|Loose Moose Theatre will be homeless in a matter of weeks after it balked at a huge rent increase from its landlord, the owners of the Garry Theatre in Inglewood.
Dennis Cahill, Loose Moose's artistic director, says the company is looking for new theatre space after it decided it wouldn't pay the owners of the historic Garry Theatre a rent that was triple the size of its last lease agreement.
The owners of the Garry Theatre, Calgary's John and Oreal Kerr, say the new rent is a fair price for the area after giving Loose Moose a sweatheart rental agreement for the past five years.
Cahill says the theatre group best known for its innovative improvisational theatre simply decided it wasn't worth the new rent for the space.
"We felt we could get something a little larger for less rent," Cahill says. "It's sad to leave because I think Loose Moose fit in very well down here. I like Inglewood. I think it's a great neighbourhood."
Cahill says the theatre group is in sound financial shape, but realizes it's going to be a struggle to find new theatre space in a city where theatre space is already at a premium.
"It's going to be a bit of a struggle, but I think we're highly adaptable," he says.
Oreal Kerr says she rented the space to Loose Moose five years ago at the low rate of $1,500 a month as a way of making a contribution to the community, but she feels rent on the building should now reflect its actual cost, which is why she is asking $5,000 a month.
"We offered it at $1,500 a month (in 1997), which was stupid.
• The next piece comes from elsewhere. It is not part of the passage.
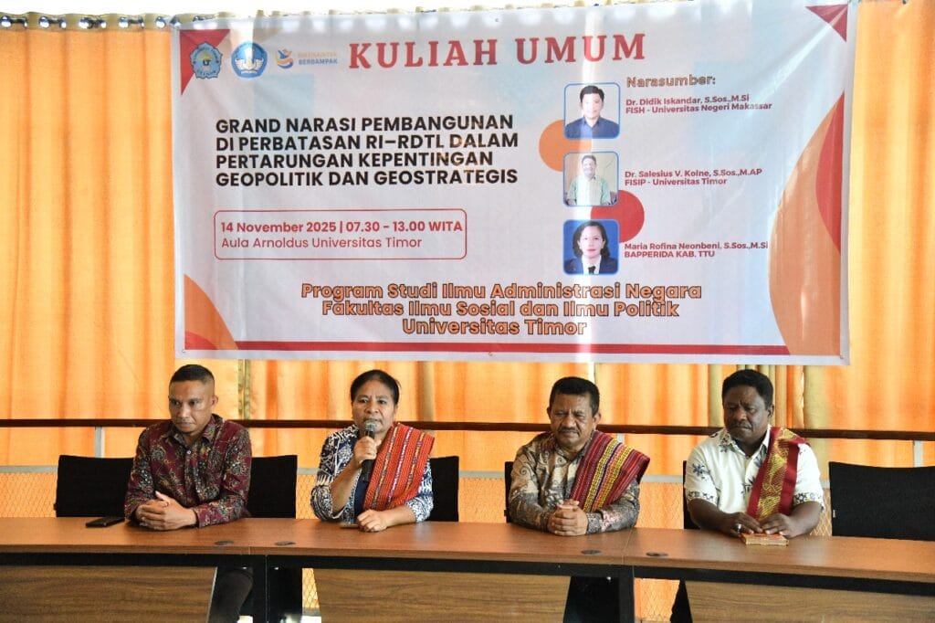 Unimor, Kefamenanu. Program Studi Ilmu Administrasi Negara, Fakultas Ilmu Sosial dan Ilmu Politik Universitas Timor menyelenggarakan kuliah umum secara hybrid dengan tema, “Grand Narasi Pembangunan di Perbatasan RI-RDTL dalam Pertarungan Kepentingan Geopolitik dan Geostrategis”. Kuliah umum ini dilaksanakan di Aula Lt. 3 Gedung Kuliah Fakultas Pertanian, Sains, dan Kesehatan, Jumat (14/11/2025). Kuliah umum ini dihadiri oleh Wakil Rektor Bidang Kemahasiswaan dan Alumni Unimor, Dekan FISIPOL, Ketua LPMPP, Wakil Dekan I FISIPOL, Ketua Prodi Ilmu Administrasi Negara, Ketua Prodi Ilmu Pemerintahan, dosen dan mahasiswa prodi Ilmu Administrasi Negara dan juga mahasiswa dari beberapa kampus swasta di Kota Kefamenanu.

People were clamouring to get in but we went with Loose Moose because of their reputation," Kerr says. "We allowed them to build up their bank account while they were there
They admit they can afford the rent, but they don't want to pay it."
Kerr says she has been displeased with Loose Moose's contribution to the community and offered them a reduced rate if they would agree to occasionally share the space with other community groups, but that was rejected.
"I'd love to have kept Loose Moose, but I want something in there that will contribute to the community," Kerr says. "If they had gone for the community use, we would have had a deal."
Kerr also discounts rumours that the space will be converted into a furniture store as "pure speculation." She says she doesn't know who will take up residency in the theatre, but has tentative plans to renovate the facility to allow for its use as a retail space, with the potential to covert it back to a theatre in the future.
Cahill says the community use offer didn't fit into Loose Moose's operations.
"It was never a fully formed plan on their part. It's a mistake to think we weren't using the space (to its capacity)
We're already short of space," Cahill says. "To me, it didn't seem like a reasonable offer and it seemed like a way for them to say (we) don't help out the community, and anyone who knows us knows that isn't true."
Both Kerr and Cahill say there is little chance a new deal can be worked out at this point. Loose Moose is already packing its bags and looking for a new home.
"Hopefully we'll be up and running again in a few months," Cahill says.